Grabado de Gustavo Doré. Virgilio y Dante son transportados en la espalda de Geryon.

Una de las discusiones habituales en torno a la ciencia ficción es la de cuál es su seña característica. La aparición de la palabra ciencia es objeto de diferentes polémicas, pues hay quienes consideran que la inclusión de este término implica que debe de haber un papel destacado de los conceptos científicos en las tramas, mientras que otros lo consideran como una limitación, y también los hay alérgicos a todo lo que suene a ciencia. Mi opinión es que lo que distingue a la ciencia ficción de otros géneros literarios en general, y específicamente de otros géneros fantásticos hermanos, no es tanto la presencia de la ciencia, como la adopción de la visión científica del mundo.

De este modo la ciencia ficción trata sobre ficciones verosímiles desde el punto de vista de la visión científica del mundo, o bien lo adopta como base ontoepistemológica del universo narrativo, o incluso trata de refutarla o criticarla empleando sus propias herramientas conceptuales. Si adoptamos este punto de vista las consecuencias a la hora de clasificar obras como de ciencia ficción son importantes. Por una parte es difícil hablar incluso de genuinos antecedentes antes del siglo XIX, y desde luego el primer gran autor de referencia a considerar sería H. G. Wells. Aunque en esto podemos no ser estrictos y examinar tanto los antecedentes como la ciencia ficción actual con algo de manga ancha respecto a este criterio.

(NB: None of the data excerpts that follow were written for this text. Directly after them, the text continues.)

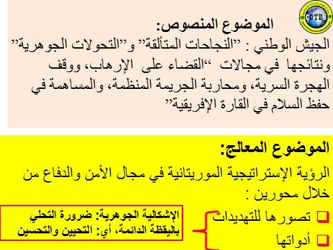 "  تعد موريتانيا اليوم من طرف كثيرين نموذجا في محاربة الإرهاب.. لكنها لم تتغلب نهائيا على هذه الظاهرة الفتاكة  التي تنتشر قواها بشكل خطير قرب حدودنا.. كما أن البلد ليس في مأمن من الإرهاب الداخلي الذي كان وما زال يعرف تحت تسميات مختلفة مثل "الذئاب المنفردة" و"الخلايا النائمة" ... غير أنه تبين أنه لا يوجد إرهابي إلا وله علاقة مع مجرم أو مجرمين آخرين؛ كما أنه لا توجد "خلايا نائمة" وإنما تنظيمات سرية تعمل بنشاط في الخفاء.
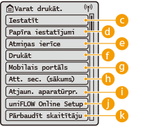 Izmantojot šo pogu, var piekļūt daudziem iekārtas iestatījumiem, piemēram, <Funkciju iestatījumi> un <Preferences>.
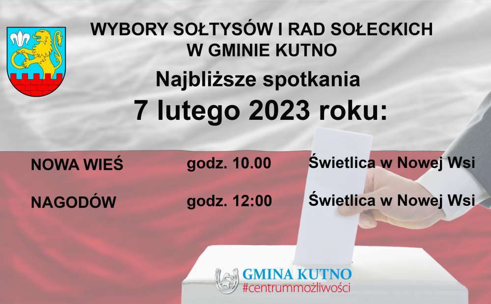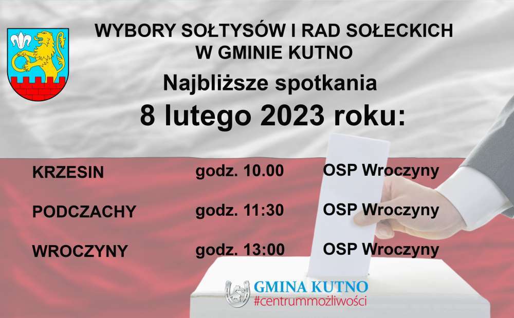 Trwają spotkania sołeckie, na których wybierani są Sołtysi i Rady sołeckie poszczególnych miejscowości w gminie Kutno. Kolejne odbędą się już 6 lutego 2023 dla mieszkańców Grabkowa, 7 lutego 2023 dla mieszkańców Nowej Wsi i Nagodowa oraz 8 lutego Krzesina, Podczach i Wroczyn. Dokładne godziny i miejsca spotkań znajdziecie Państwo na poniższych grafikach.
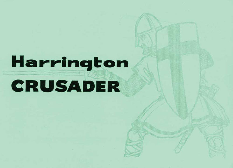 Crusader on Bedford chassis The Crusader mark 1 was introduced at the 1958 Commercial Motor Show and was an interesting styling watershed. It drew heavily on the general styling of the still current Wayfarer Mk4 but at the same time displayed many of the features that barely a year later would be drawn together harmoniously into the Harrington Cavalier. There is no doubt that the Cavalier, yet to be announced at this time, was one of the most important new coach designs of the era both for Harrington and coaching in general. The Crusader has been largely ignored by transport historians but has its place as the link between Harrington's production in the 1950s and the new decade.
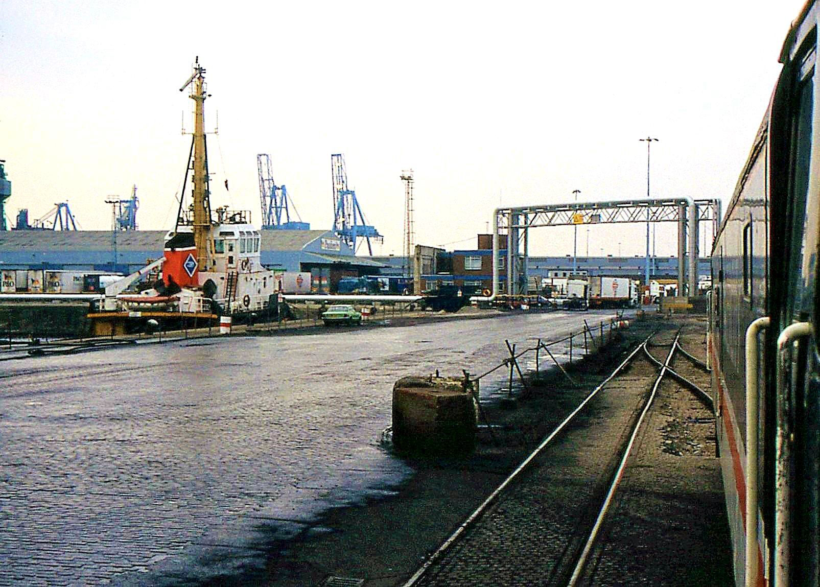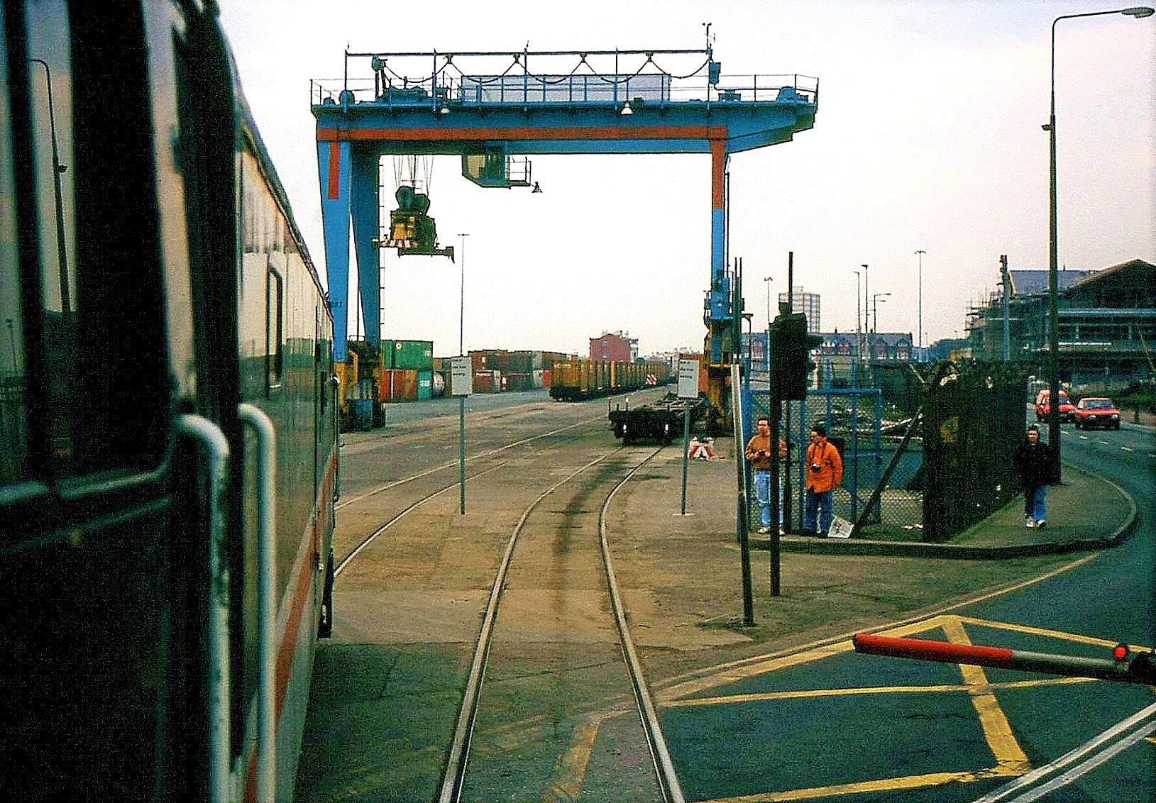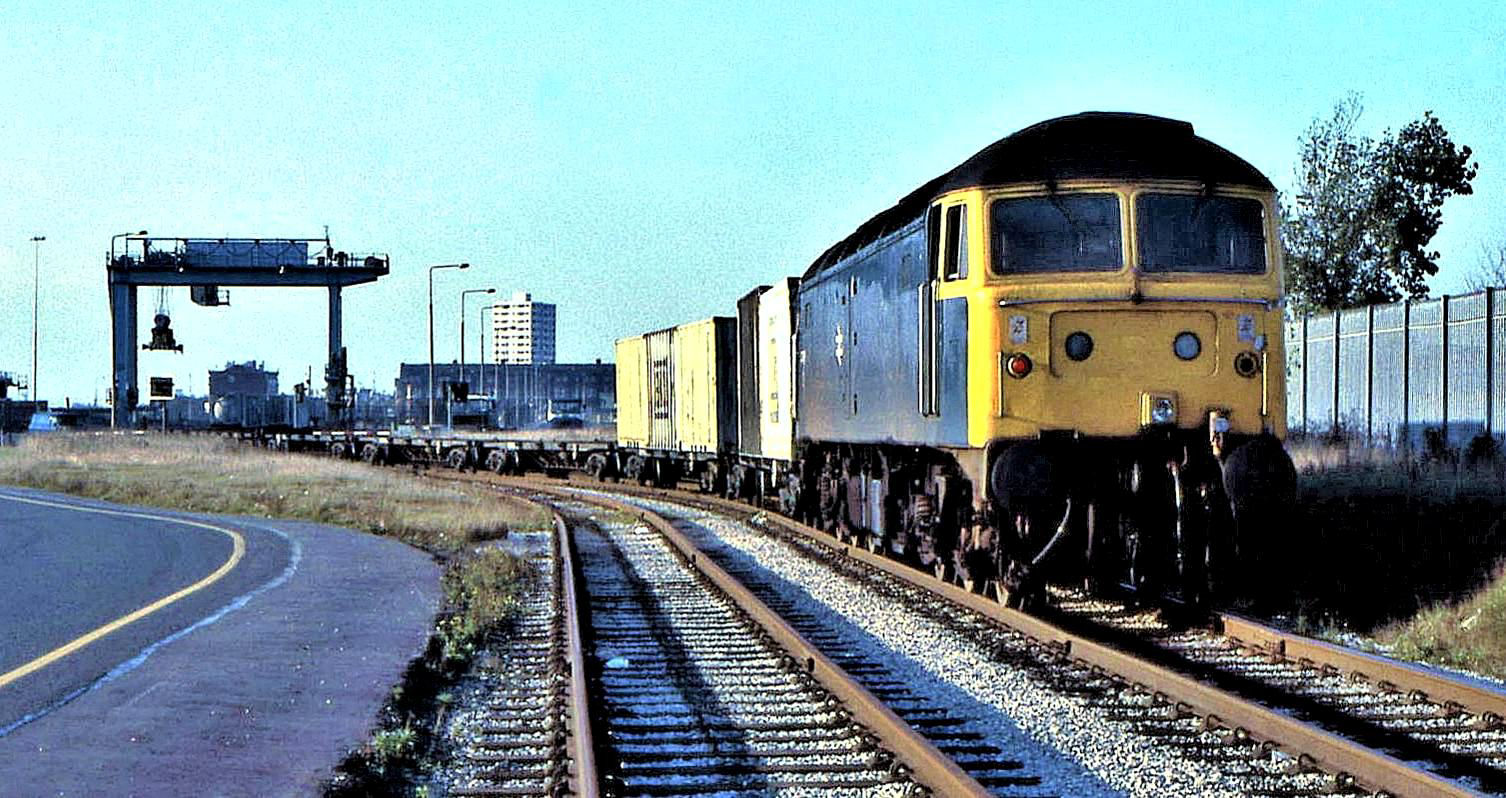 In Oct 1986 a container train is leaving Seaforth terminal; the gantry

Pero aquí se plantea un problema, lo que me lleva mencionar como caso de análisis, a uno de los más claros antecedentes de la ciencia ficción, al menos aparentemente: La Divina Comedia de Dante. Pues no sólo se trata de un poema ético y moral, sino que también es una obra de ciencia ficción hard medieval (si adoptamos el punto de vista simple e ingenuo de considerar la ciencia ficción como literatura con ciencia rigurosa). Sobre la abundancia y rigor de la ciencia medieval presente en la obra de Dante, y como algo más que un simple detalle, incluso formando parte importante de la cosmovisión sobre el mundo medieval, se escrito bastante, también en los ámbitos académicos. Cuando hablaba en este blog sobre los infiernos en la ciencia ficción ya comentaba el importante papel que tiene la astronomía ptolemaica en la historia, abundando los datos astronómicos en la historia.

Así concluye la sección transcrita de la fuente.